Exercise requirements: Leave out every picture, and restate word for word only the lines from the one containing "界钟会,郝昭,曹婴,曹纯,程" through the end of the material.

Information supplied Start Marker

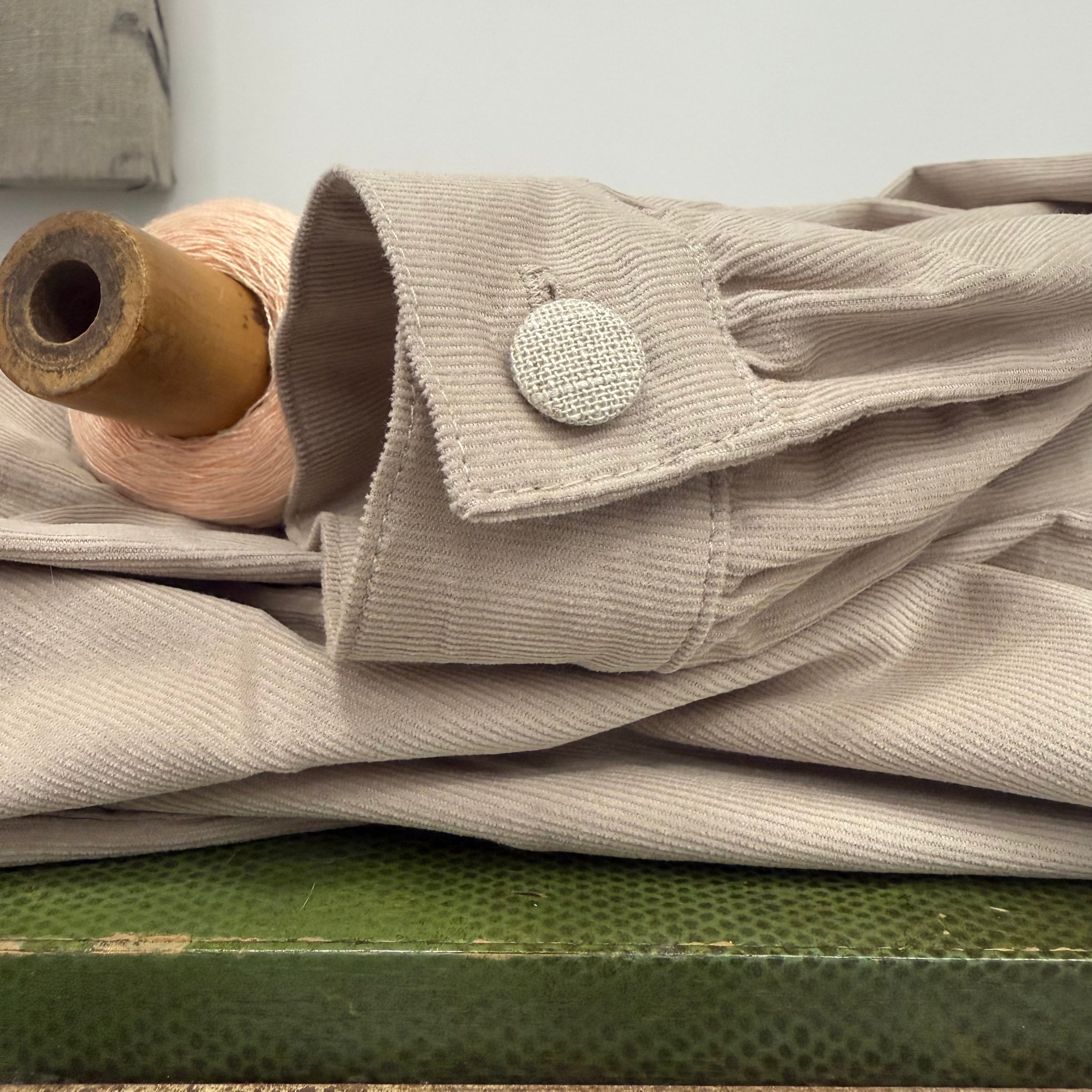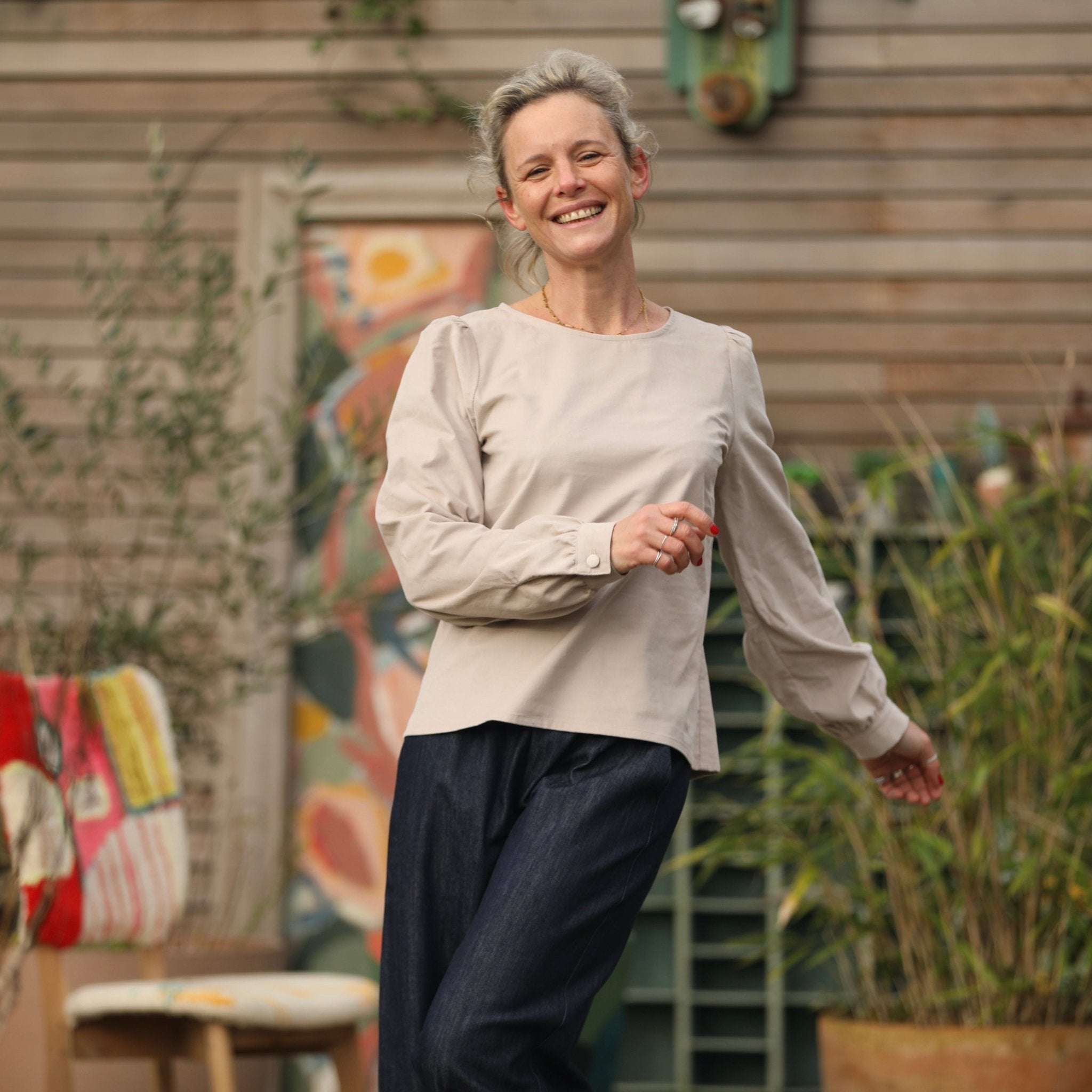 Amarante est une jolie blouse à col rond, agrémentée de délicates fronces aux épaules et de manches longues terminées par des poignets élégants avec  avec un joli bouton recouvert de lin fabriqué en France.
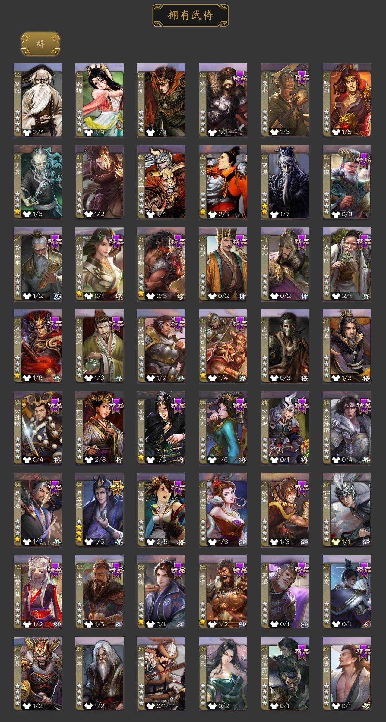 界钟会,郝昭,曹婴,曹纯,程昱,花鬘,骆统,界李儒,神吕蒙,神周瑜,SP关羽,乐进,曹昂,诸葛诞,朱灵,文聘,SP姜维,钟会,曹冲,郭淮,满宠,界王异,界曹操,界司马懿,界夏侯惇,界张辽,界
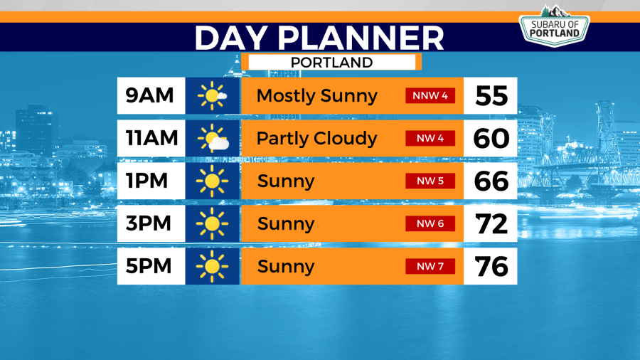 تقع الغيوم في الصباح على طول الشاطئ في الوادي ، مع الكثير من أشعة الشمس في فترة ما بعد الظهر. في المرتفعات النهارية في منطقة مترو بورتلاند ، تقترب درجات الحرارة من 80 درجة.

Information supplied End Marker

Response:
 界钟会,郝昭,曹婴,曹纯,程昱,花鬘,骆统,界李儒,神吕蒙,神周瑜,SP关羽,乐进,曹昂,诸葛诞,朱灵,文聘,SP姜维,钟会,曹冲,郭淮,满宠,界王异,界曹操,界司马懿,界夏侯惇,界张辽,界
 تقع الغيوم في الصباح على طول الشاطئ في الوادي ، مع الكثير من أشعة الشمس في فترة ما بعد الظهر. في المرتفعات النهارية في منطقة مترو بورتلاند ، تقترب درجات الحرارة من 80 درجة.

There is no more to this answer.